GABAA agonists can as well be administered to improve EPS. These drugs reduce acetylcholine hyperactivity and raise dopamine levels. Besides, they decrease dopamine hyperactivity in the mesolimbic system. Adverse effects of GABAA agonists, for example benzodiazepines are sedation, addiction and amnesia [16].

Finally, NMDA receptor antagonists, for example amantadine can improve EPS for a short period of time. These drugs reduce acetylcholine hyperactivity and raise dopamine levels in the extrapyramidal system through a reduced glutamatergic presynaptic inhibition. However, they might have a psychotomimetic effect, because in the mesolimbic system, a reduced glutamatergic presynaptic inhibition via NMDA receptors of 5-HT2A serotonergic neurons can cause serotonin hyperactivity [14,17].
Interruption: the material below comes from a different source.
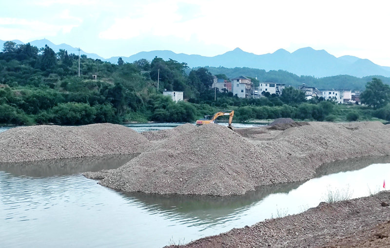 常山江航電4座樞紐均有圍堰,目的是抵御汛期常山江洪峰和上游多座水庫泄洪侵襲,確保導流墻、泄洪閘、發(fā)電站施工順利進行。今年7月中旬汛期過后,該項目部組織隊伍和設(shè)備進場施工,按照施工組織設(shè)計方案,利用就地挖出的泥沙將區(qū)域內(nèi)的常山江大部分隔開來,分層填筑、碾壓,從起初50厘米逐漸增高至3米、6.5米,從兩米長延伸至497.32米、底寬33.7米、頂寬5米的一座三面鄰水的高大圍堰。

Extrapyramidal Systems in Patients Treated with Recently Developed Antipsychotic Drugs

Most SGAs, which cause EPS less often than FGAs, have a D2 and 5-HT2A antagonistic effect. Quetiapine with a higher affinity for the 5-HT2A receptor than the D2 receptor seldom causes EPS in comparison to risperidone, which often induces EPS, because it has a high affinity for the D2 receptor. Two recently developed antipsychotic drugs, namely aripiprazole and cariprazine, have a different mechanism of action. Aripiprazole exerts a partial D2 agonistic effect, a 5-HT2A antagonistic effect and a 5-HT1A agonistic effect. It shows good antipsychotic properties and seldom causes EPS [18]. Cariprazine is a new SGA with a partial agonistic effect at the D2 and D3 receptors. It shows antipsychotic and antimanic effects. Due to the different mechanism of action, it seldom causes EPS. Akathisia occurs in 11% of patients treated with cariprazine [19]. SGAs such as risperidone, olanzapine and quetiapine cause cognitive impairment, because they inhibit dopamine/serotonin release, above all in the prefrontal cortex [20]. Recently developed SGAs such as aripiprazole and cariparzine have a different mechanism of action; they act as partial agonist at the D2 receptor. In clinical studies, it has been found that cariprazine, which is a partial agonist at the D2 and D3 receptors, improved cognitive functions [21].

Conclusion

Schizophrenia and schizoaffective disorder is generally treated with second-generation antipsychotic drugs. Antipsychotic drugs are D2 and 5-HT2A antagonists and decrease dopamine and serotonin hyperactivity in the mesolimbic system, hippocampus and prefrontal cortex. Because of the D2 receptor blockade, EPS can occur. Neurotransmitter and neuropeptide alterations and the neural networks in the mesolimbic system and extrapyramidal system are described in detail. EPS can be treated with M4 receptor antagonists, which reduce acetylcholine hyperactivity in the extrapyramidal system, with GABAA agonists, which inhibit muscarinic cholinergic neurons and with NMDA antagonists, which raise dopamine levels in the extrapyramidal system. Some recently developed antipsychotic drugs, for example aripiprazole and cariprazine, exert a reduced occurrence of EPS. They have a different mechanism of action: a partial agonism at the D2 receptor.